Section 11 (b) of the Court of Claims Act in relevant part provides: "The claim shall state the time when and place where such claim arose, the nature of same, and the items of damage or injuries claimed to have been sustained and the total sum claimed." The specificity required of a claim pursuant to section 11 (b) was recently addressed by the Appellate Division, Second Department in Wharton v City Univ. of New York, 287 AD2d 559, 560 where the Court held:
Pursuant to Court of Claims Act § 11 (b), a claim must set forth the nature of the claim and the time and place where it arose. Court of Claims Act § 11 (b) does not require 'absolute exactness'; it requires a statement made with 'sufficient definiteness to enable the State to be able to investigate the claim promptly and to ascertain its liability under the circumstances. The statement must be specific enough so as not to mislead, deceive or prejudice the rights of the State. In short, substantial compliance with section 11 is what is required' (Grumet v State of New York, 256 AD2d 441, 442 [internal quotation marks omitted]; Heisler v State of New York, 78 AD2d 767; see, Cobin v State of New York, 234 AD2d 498). However, 'conclusory or general allegations of negligence that fail to [state] the manner in which the claimant was injured and how the State was negligent do not meet its requirements' (Grumet v State of New York, supra, at 442; Heisler v State of New York, supra, at 767-768).

Even viewed liberally it is immediately apparent that the instant claim fails to state any viable cause of action against the State of New York since it fails to allege how the named claimant was injured or in what manner the acts or omissions of State officers, employees or agents caused or contributed to her injuries. The claim's lack of specificity creates a jurisdictional defect which was not susceptible to cure by the filing of an amended claim (see, Manshul Constr. Corp. v State Ins. Fund, 118 AD2d 983).

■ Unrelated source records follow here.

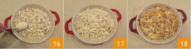 Sprinkle with grated Grana cheese 16 and bake 17 in a static oven preheated to 392°F for 5 minutes, then switch to grill mode for an additional 2 minutes to create a light crust on the surface. Then remove from the oven 18, let it cool slightly to compact the ingredients, and serve your mini penne casserole with ham and mozzarella!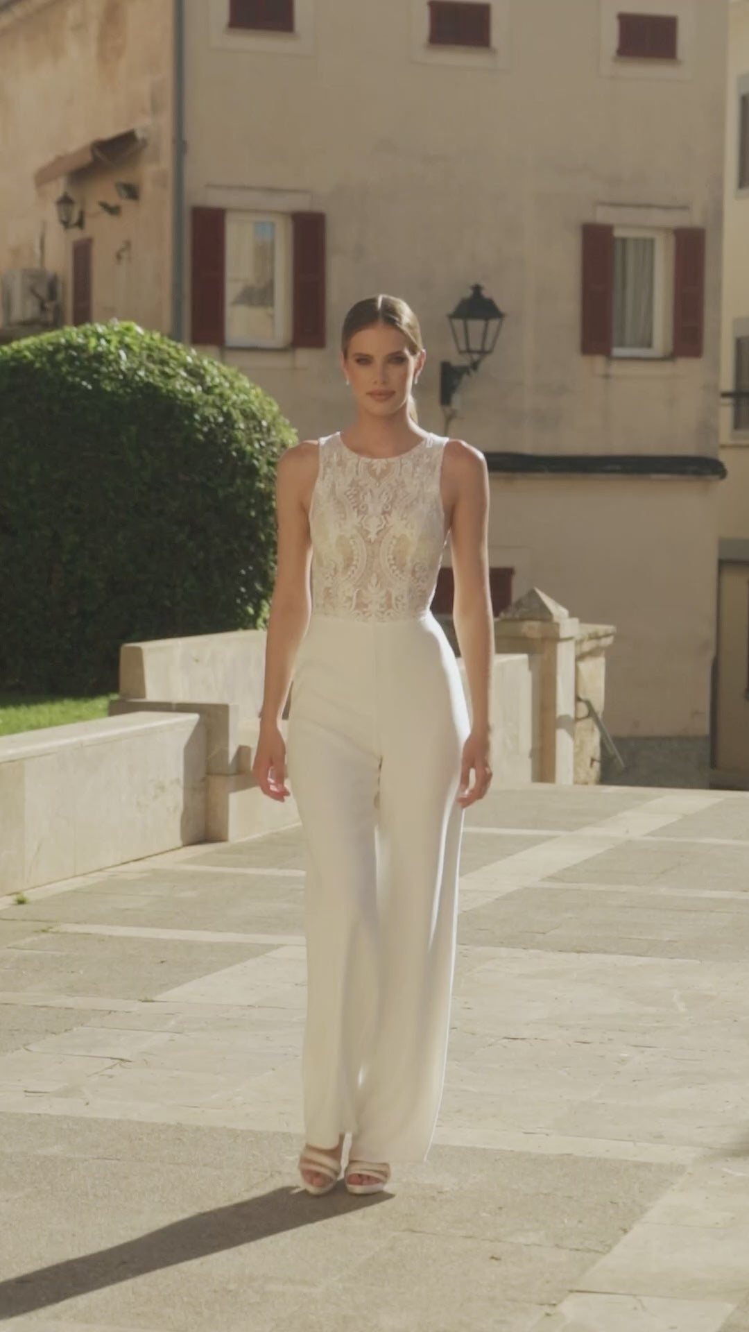 Die Bianco Evento Astrid Jumpsuit vereint Stil und Komfort mit ihrem dehnbaren Crepe-Stoff und dem femininen Spitzenausschnitt. Der hochgeschlossene Rundhalsausschnitt und der rückenfreie Schlüsselloch-Schnitt verleihen dem Jumpsuit eine elegante Weiblichkeit und perfekt für die Hochzeit geeignet.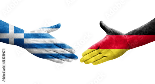 Handshake between Germany and Greece flags painted on hands, isolated transparent image.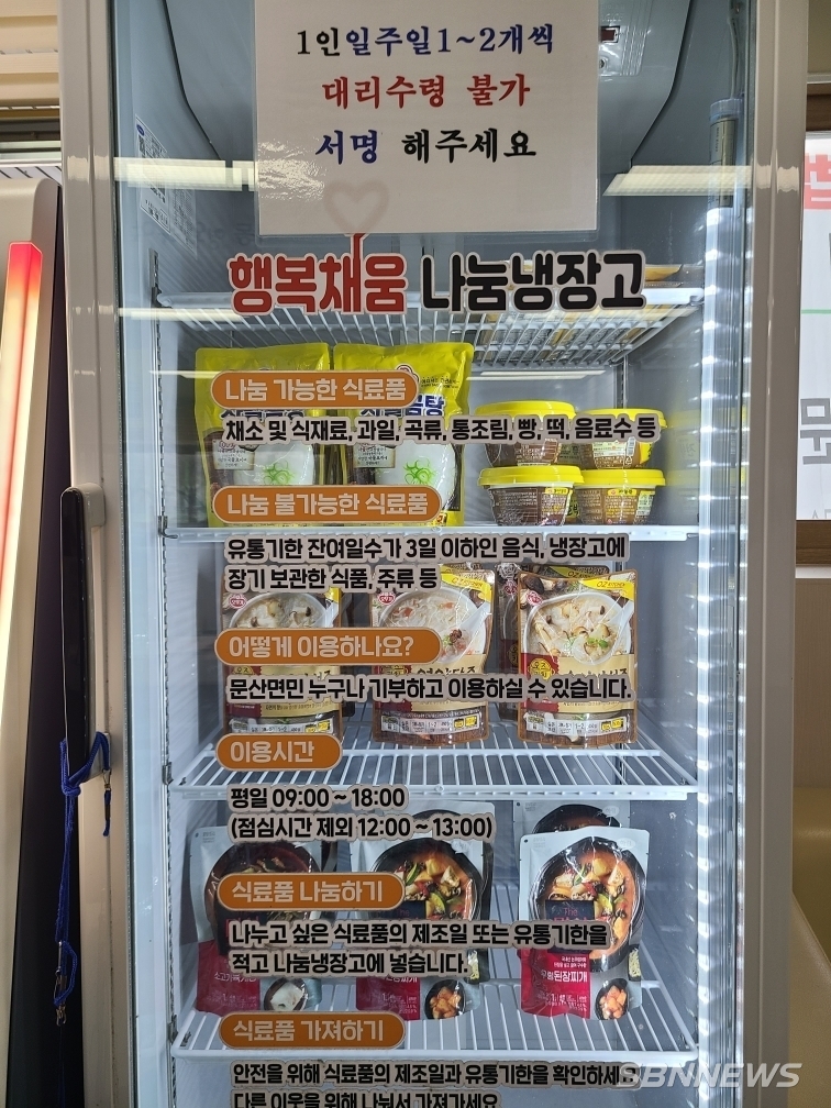 지난 3일부터 본격 운영에 들어간 행복나눔냉장고는 지역 주민들의 기부로 모인 식품과 생필품을 누구나 자유롭게 이용할 수 있도록 마련된 문산면 지역사회보장협의체의 특화사업이다.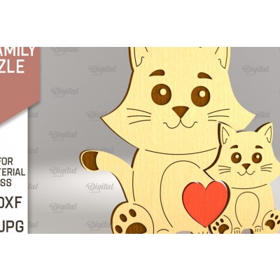 Όνομα Προϊόντος Intra απο ξύλο plywood 3mm-4mm πάχος Cat Family Puzzle . Γάτα Δίασταση 30x20 cm INTRAFABR-90004810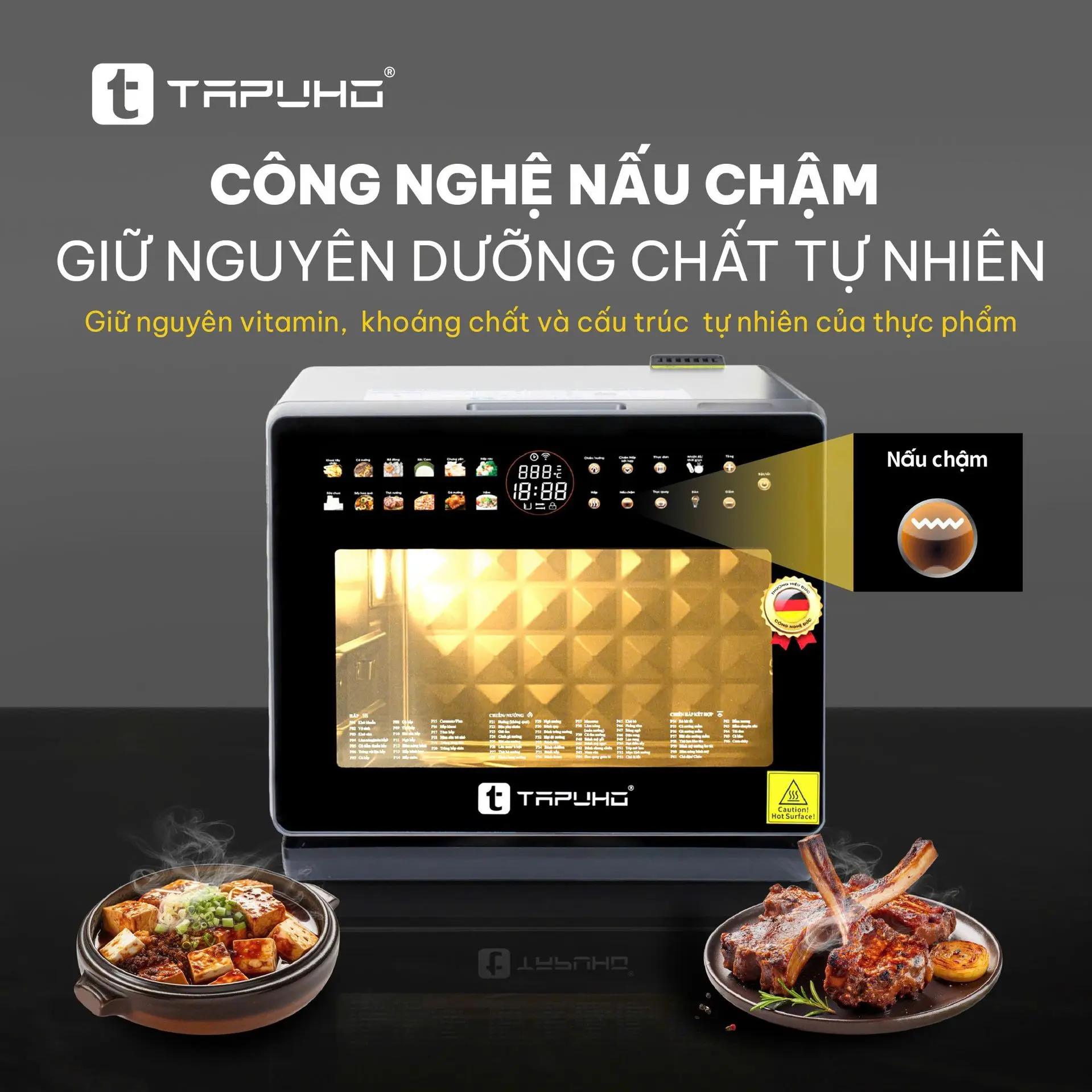 Tính năng nấu cơm / xôi này là kết quả của quá trình nghiên cứu tỉ mỉ từ đội ngũ kỹ sư TAPUHO nhằm điều chỉnh độ ẩm, hơi nước và nhiệt độ sao cho phù hợp nhất với thói quen ẩm thực Việt Nam – nơi mỗi bữa cơm ngon là linh hồn của gia đình.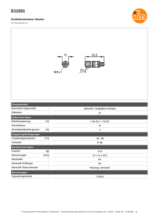 ifm Electronic E11551 Złącze niekonfekcjonowane czujnika/aktuatora złącze męskie proste Ilość pinów: 4 1 szt.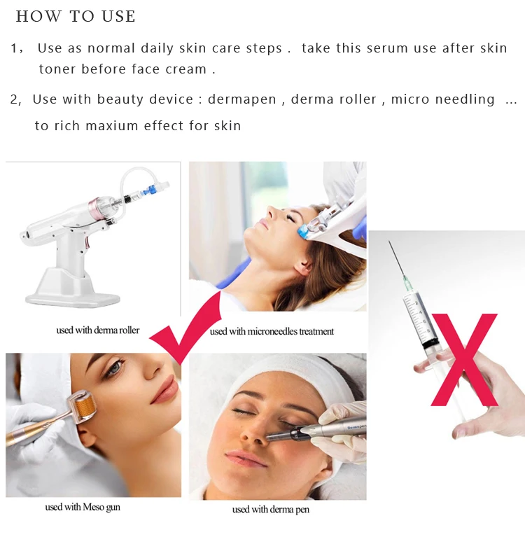 2. Использовать с косметическим устройством: dermapen, Дерма ролик, микро needling... Для насыщенного эффекта макси для кожи.

Accordingly, the defendant's motion must be granted and the claim(s) dismissed for the reasons set forth above.

August 15, 2003
Saratoga Springs, New York

Judge of the Court of Claims

The Court considered the following papers:
  1. Notice of motion dated March 26, 2003;
  2. Affirmation of Paul F. Cagino dated March 26, 2003;
  3. Affirmation of Edward A. Frey undated with exhibits.

[1]The claim also seeks damages for loss of consortium in the amount of $250,000.00 apparently in the name of co-claimant Richard Quigley though such claim is not separately stated as such in the claim. References to claimant in the singular are deemed to refer to Margaret Ripley Quigley.
[2]The April 25, 2003 acceptance for filing of the amended claim by the Chief Clerk without payment of the filing fee required for filing a claim by Court of Claims Act § 11-a and in advance of the filing of a claim which it sought to amend was in error.